SAN FRANCISCO—In an effort to accommodate the California drought, one brewery is creating an innovative way to conserve California water by using recycled water.

Mavericks Brewing Company is creating a prototype of their award-winning Tunnel Vision IPA, using a specially brewed tactic made from recycled water. Co-owner and co-founder of Mavericks, Lenny Mendonca, stated that the beer is brewed using the same recipe, with the only variation being 100 percent high purity recycled water, sourced from NASA.

Mendonca anticipates that one of the greatest marketing hurdles will be the consumer’s perception of safety regarding the product. Mendonca stated that the recycled water is safe to drink using proven water purification technologies that have been used around the world.

According to California’s health and safety codes, the beer is not allowed to be sold to the general public. Mavericks was granted approval to showcase their product and provide complimentary samples at the Coastside Brewfest located at the Half Moon Bay Brewing Company on Saturday, October 24.

On the five-judge panel of the Mavericks taste test, all but one judge could not tell the recycled brew from the remainder of the conventional IPAs. Several of the judges agreed that the Mavericks recycled brew tasted “less hoppy” than many of the other beers, but that made the beer more enjoyable.

According to the California state water resources control board, the Recycled Water Policy will be evaluated by December 2015 to assess approved uses, and whether the city’s waste water sources can be purified to meet Water Code Section 13050(n) state and federal water quality laws. If the treatment process passes legislation standards, the use of reusing re-treated sewer water is said to be a prospective future of California’s water consumption, and would save billions of gallons of water from being dumped into the ocean each year.
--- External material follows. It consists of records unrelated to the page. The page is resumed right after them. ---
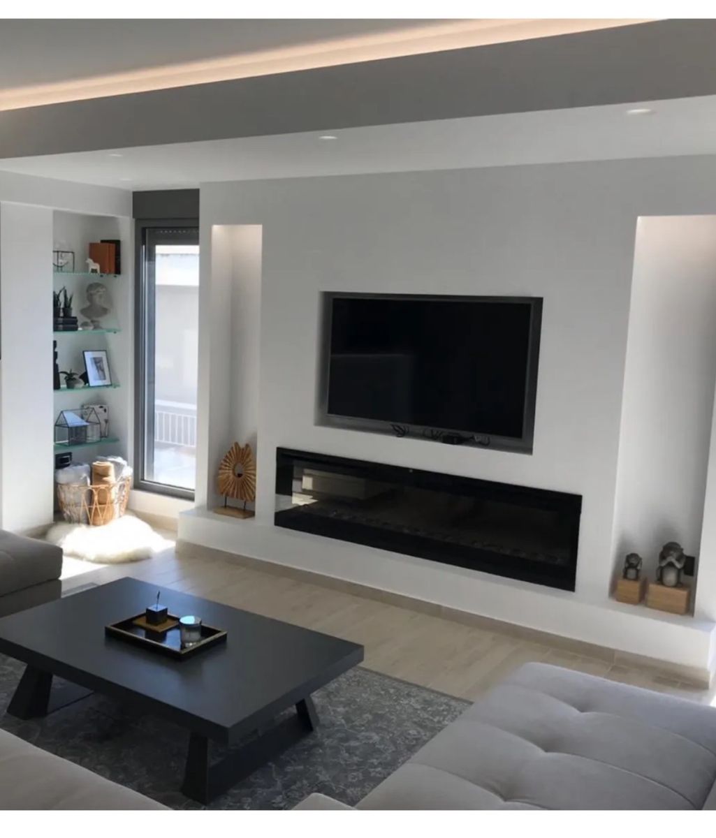 • Ευρύχωρο, ενιαίο καθιστικό με τζάκι και μεγάλες μπαλκονόπορτες
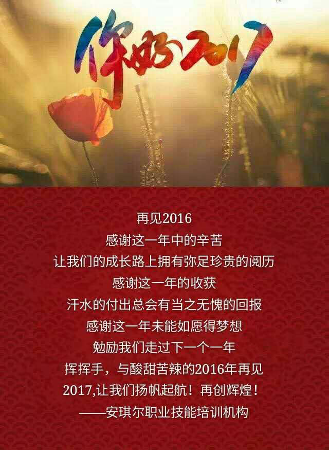 安琪尔祝大家在新的一年里:喜鹊登枝贺佳节,傲雪红梅把春闹。天涯海角同聚首,团团圆圆皆欢笑。腊尽春归新万象,紫燕衔泥筑家巢。美满幸福浴春风,鸡年更上一层楼。
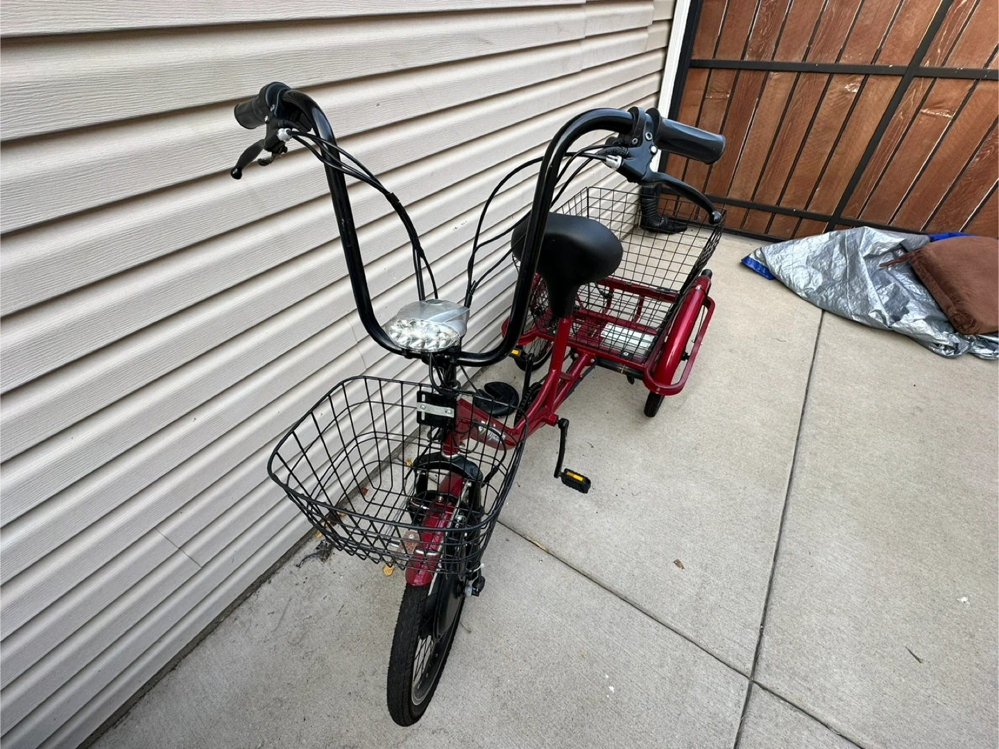 This electric tricycle is red and features a large basket for storage. It has a comfortable seat and handlebars with controls. The front wheel includes a motor, suggesting it's an electric-assist model. Three wheels provide stability.
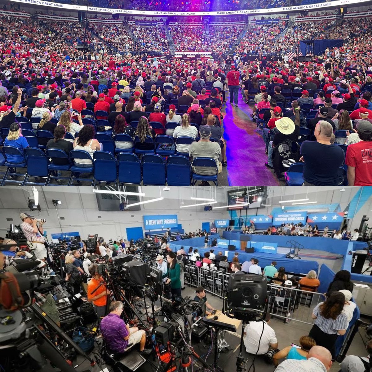 Несмотря на то, что население города Роли, где выступала вице-президент США, в 11 раз больше населения Уилкс-Барра, куда приехал Трамп, ему удалось собрать стадион, хотя навстречу с Харрис пришли всего 109 человек.
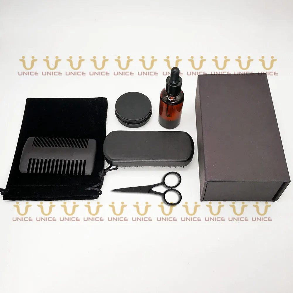 Best . (0% Off) Buy MOQ 100pcs 7 In 1 OEM ODM Custom LOGO Amazon Hot Sale Black Beard Kit Beard Brush Beard Comb Beard Oil Balm Scissors In Gift Box Cheap Online.
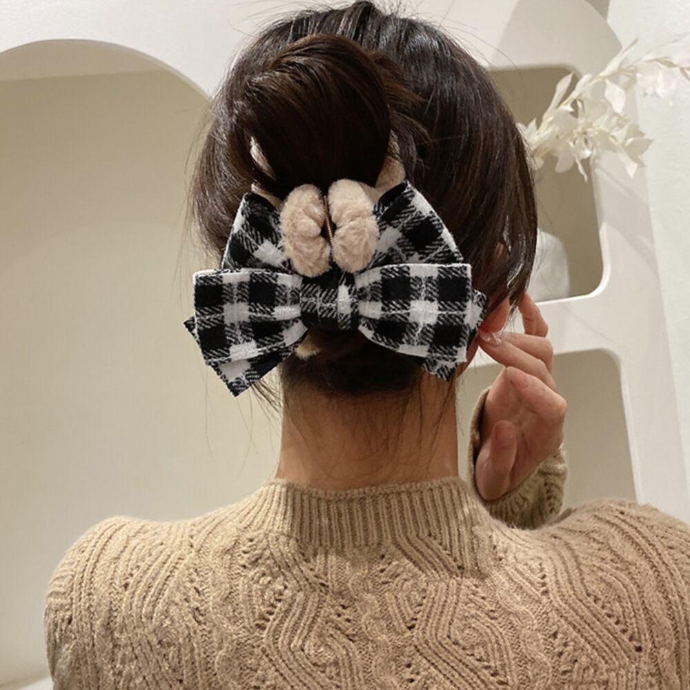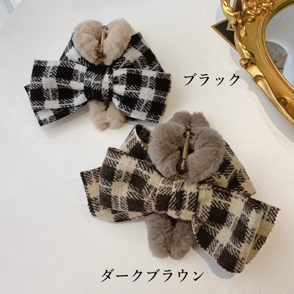 チェック柄 ヘアアクセサリー ふわふわ 大人可愛い 髪飾り ヘアアレンジ 結婚式 パーティ 髪留め エレガント 贈り物 春おしゃれプレゼント モコモコヘアアクセ 韓国ファッション黒秋冬にピッタリのふわふわヘアクリップ。爽やかなチェック柄がコーディネートのワンポイントにぴったり!ふわふわのボリューム感とリボン付きでキュートなアクセントをプラス♪どんなコーデにも相性良く、幅広く活躍してくれるアイテム。素材:合成樹脂+ポリエステル+フェイクファーカラー:ブラック/ダークブラウンリボン幅:約13cmリボン高さ(垂れた部分を含む):約9cmクリップ挟み幅:約4cmクリップ横幅:約12cm生産国:中国※包装に関しての注意点:こちらの商品は激 安で販売しているため、化粧箱は付いていませんが、商品に傷付かないよう簡易包装で発送とさせていただきます。※海外輸入品のため、商品の細部仕様は多少異なる場合がございます。予めご了承の上、ご注文お願い致します。
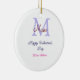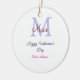 Purple pastel happy Valentine's day pink monogram Ceramic Ornament
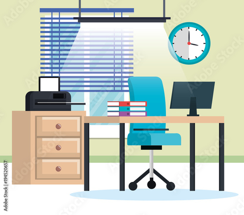 office workplace scene icons vector illustration design
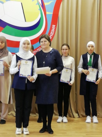 В актовом зале гимназии чествовали победителей школьного этапа Международного конкурса чтецов ”Джалиловские чтения - 2021”. 15 учащихся были награждены грамотами. Они стали лучшими в номинациях “М. Джалиль на татарском”, “М. Джалиль на русском”, “Джалиловцы на языках мира”, “Юные джалиловцы”, “Фронтовики-писатели на татарском”.
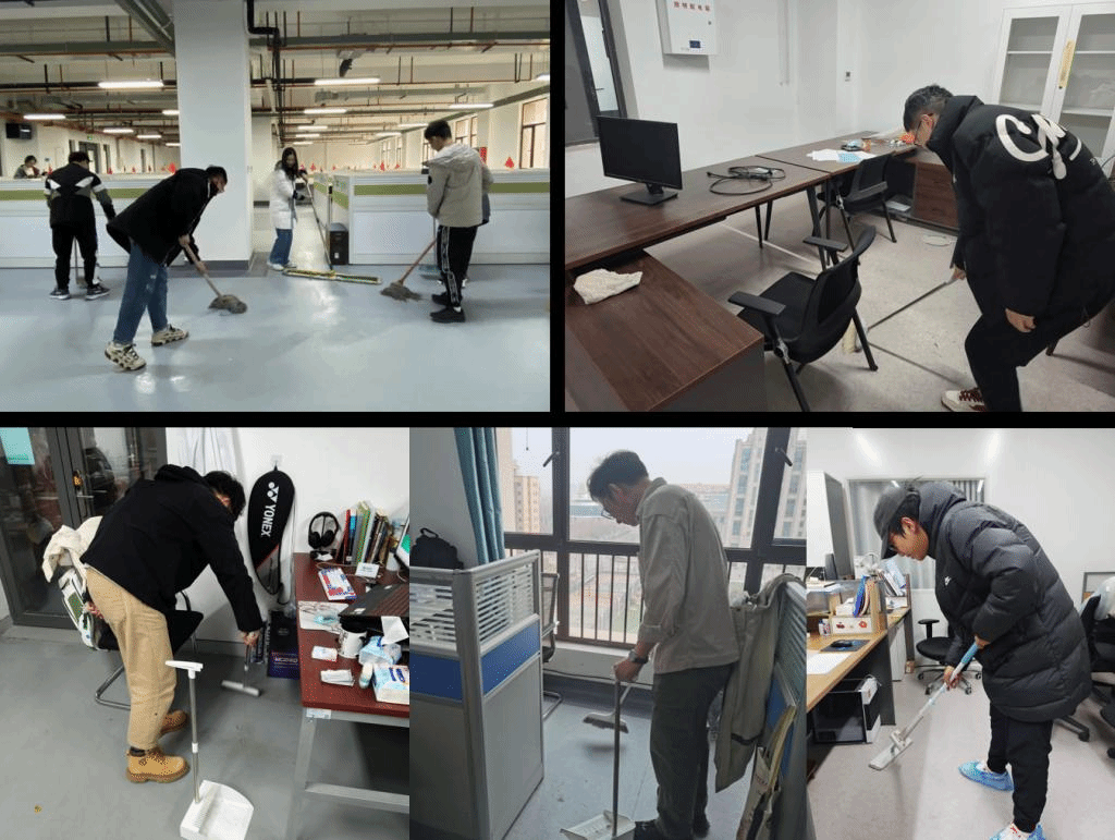 活动当日,博激光与理论党支部、博光学与天文党支部、博凝聚态物理党支部、硕2021级党支部、硕2023级第一党支部、硕2023级第一党支部、博2376团支部、博2263团支部、硕1198团支部、硕3219团支部、硕3220团支部、硕3221团支部、硕3222团支部分别组织党团支部同学在工位及实验室展开行动,携带扫帚、拖把等清洁工具,清理了工位和实验室周围的垃圾死角和地上的纸屑、塑料袋等杂物,用抹布擦拭了书桌以及重新整理了物品摆放位置,使得工位环境更加干净整洁。
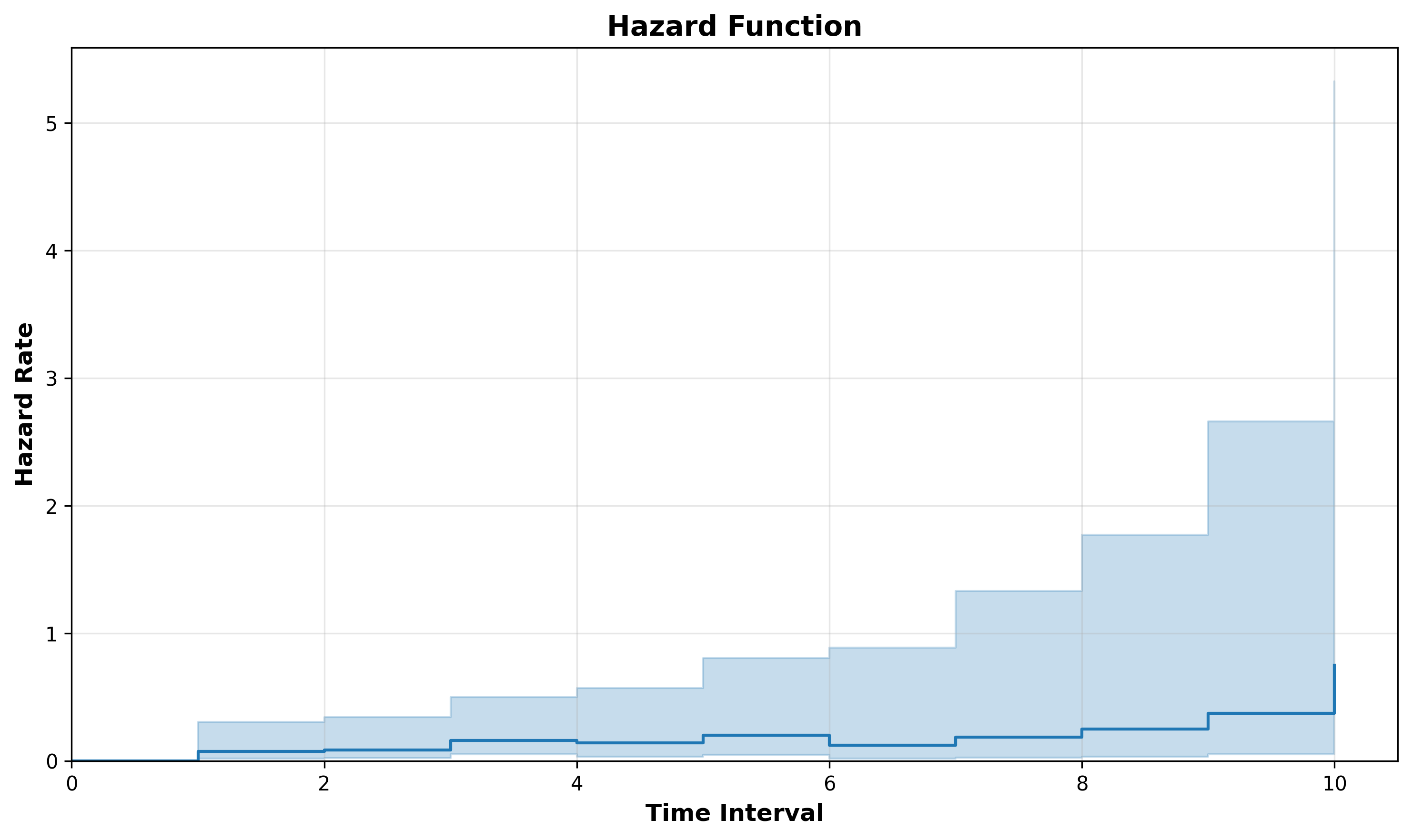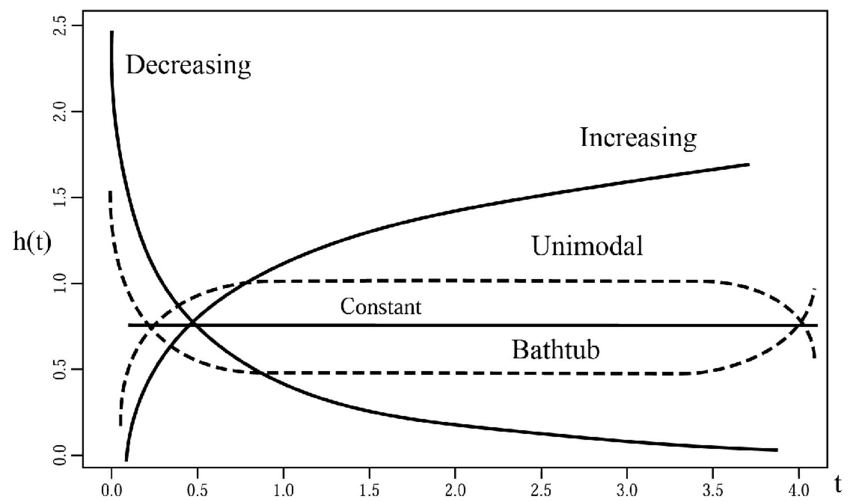 How the hazard function changes over time is particularly of interest. For example, if the hazard function increases over time, that means the likelihood of the subject experiencing the event increases faster as it ages. On the other hand, if the hazard function decreases over time, that means the likelihood of the subject experiencing the event decreases as it ages.
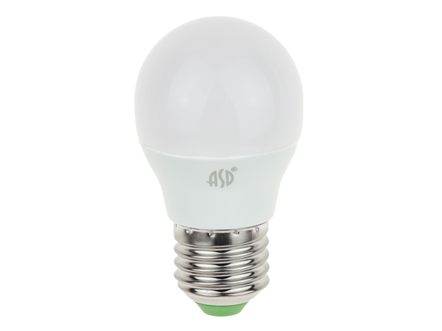 Лампа светодиодная G45 ШАР 5 Вт 160-260В E27 4000К ASD (40 Вт аналог лампы накал., 450Лм, нейтральный белый свет)
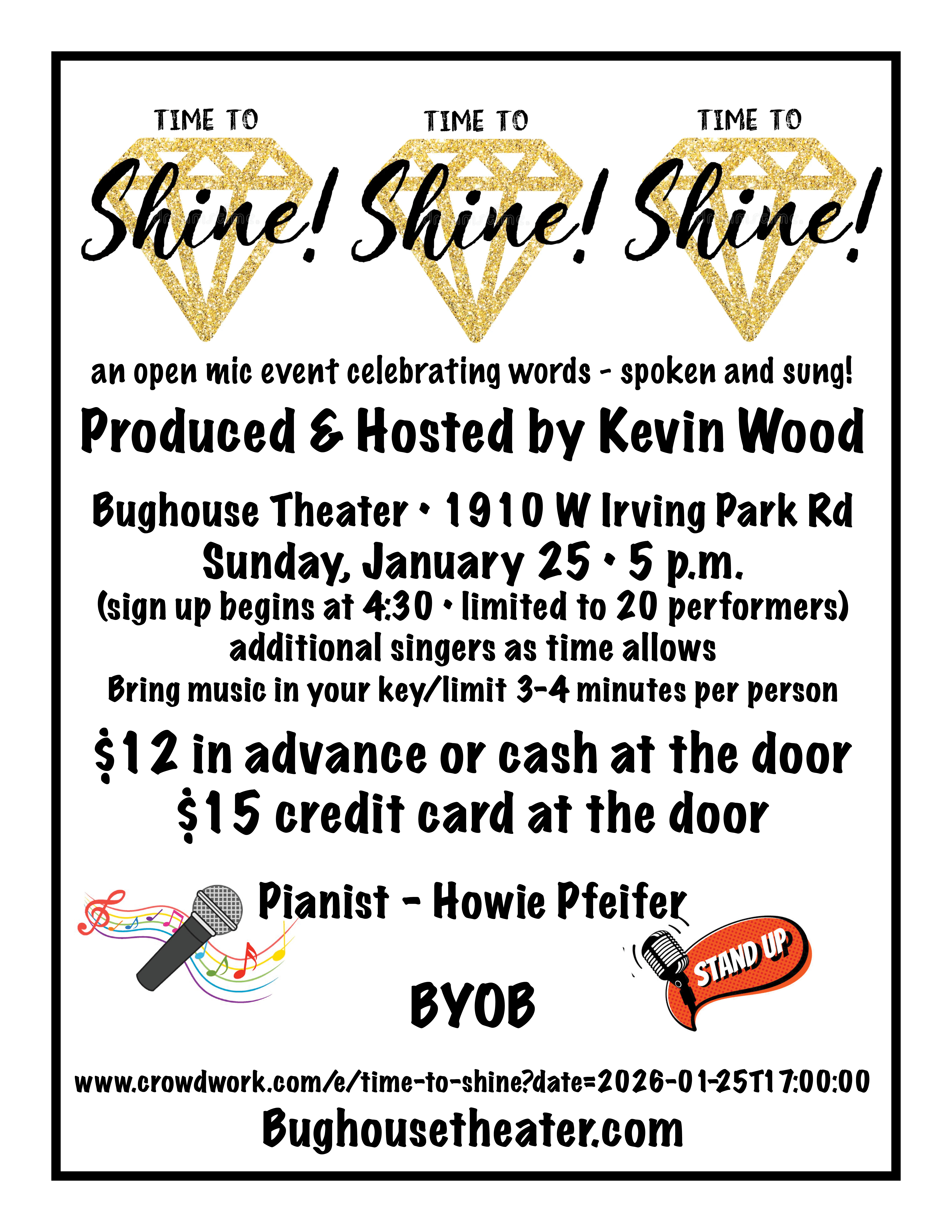 Please join us, as a singer or as an enthusiastic audience member, for our second open mic at Bughouse Theater. This intimate, 50 seat venue is a great space to try out new material or just be on stage for a few minutes. BYOB so if you'd like a soda, wine or something beverage, bring it (and a glass!) along with you. Sign up starts at 4:30 p.m. with 5:00 start time. Limited to 20 singers as there is an event following ours at the venue. Ample, free Sunday metered parking.

As it stands, the Bay Area has two water treatment centers that are testing water purification systems. The Dublin San Ramon Services District and the Santa Clara Valley Water District are in the midst of testing filtration systems to purify sewer water and water from storm drains in hopes that it will be able to be consumed by the public. In Southern California, Orange County has implemented a system that recycles the county’s waste-water, equating to approximately 100 million gallons of water per day.